Gastrointestinal Endoscopy
Publication Date
DOI: 10.1016/s0016-5107(95)70006-4


Abstract Background: Endoscopic variceal ligation (EVL) is currently a favored treatment for control of bleeding from esophageal varices. However, little is known about the treatment of bleeding varices in hepatocellular carcinoma. Methods: EVL was performed in 16 patients with bleeding esophageal varices due to concomitant hepatocellular carcinoma. Treatment results were compared with those of another 23 patients who were conservatively treated. Results: Comparing the two groups, ligation significantly reduced the risk of fatal bleeding (44% vs 70%; P < 0.05). Significantly fewer patients in the ligation group died at the time of the index hemorrhage (11% vs 52%; P < 0.05). Rebleeding occurred in 44% of the ligation group and 73% in the control group ( P > 0.05).
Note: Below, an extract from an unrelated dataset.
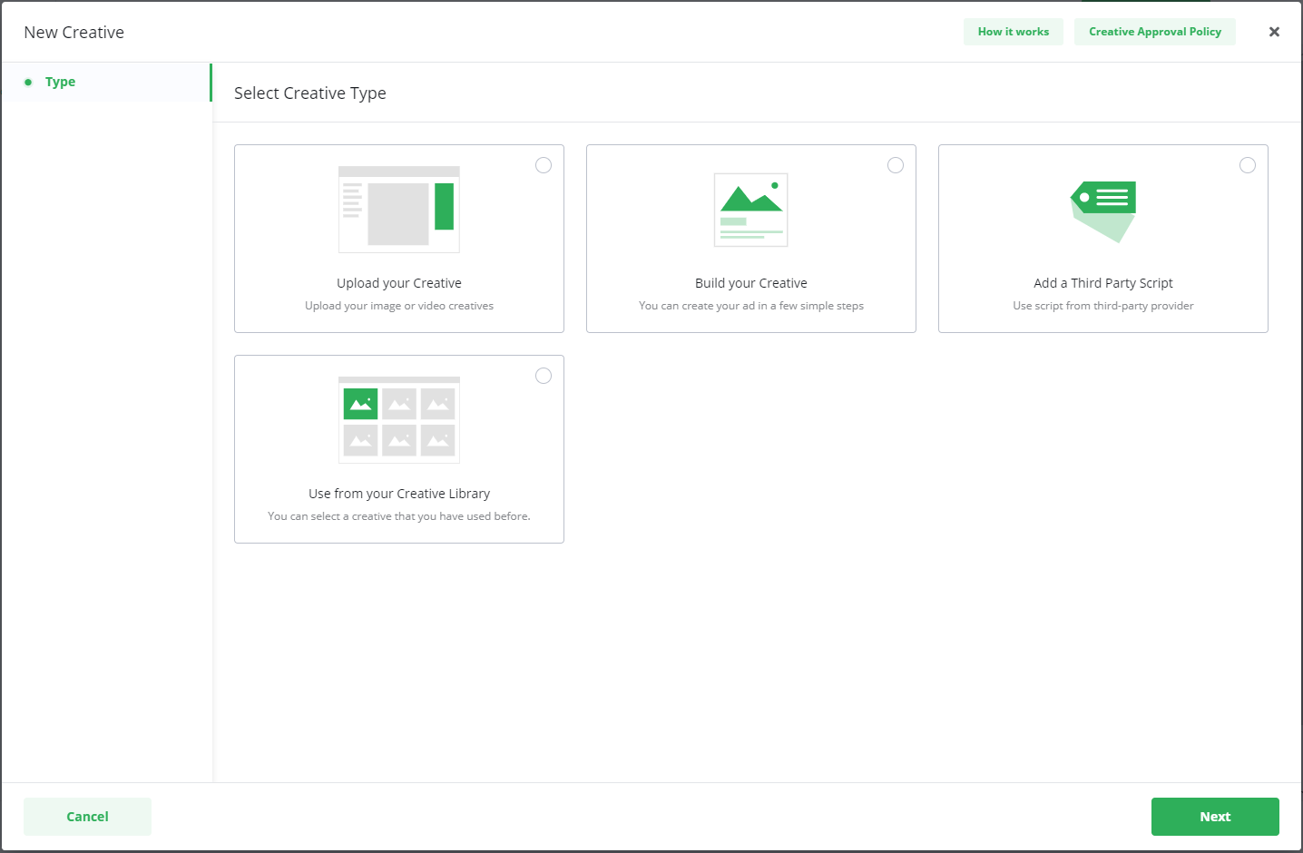 Select New Creative.
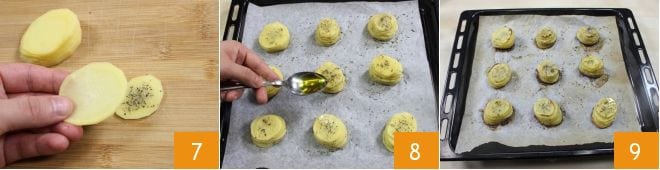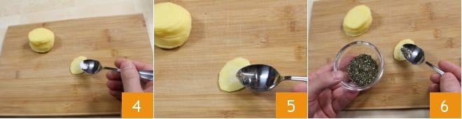 coloca en la primera rodaja de patata sal 4, pimienta 5 y una pizca de romero picado 6,

The mean days of survival were 40 ± 20 (range, 7 to 103) in the ligation group and 20 ± 30 (range, 1 to 136) in the control group ( P = 0.08). In the absence of portal vein thrombosis, ligation significantly reduced the rebleeding rate (17% vs 50%, P < 0.05) and the mortality rate (0% vs 100%, P < 0.05). Conclusion: EVL is a good choice for palliation in patients with esophageal variceal bleeding and hepatocellular carcinoma. Aggressive use of EVL may be tried in those patients without portal venous thrombosis. (Gastrointest Endosc 1995;42:535-9.)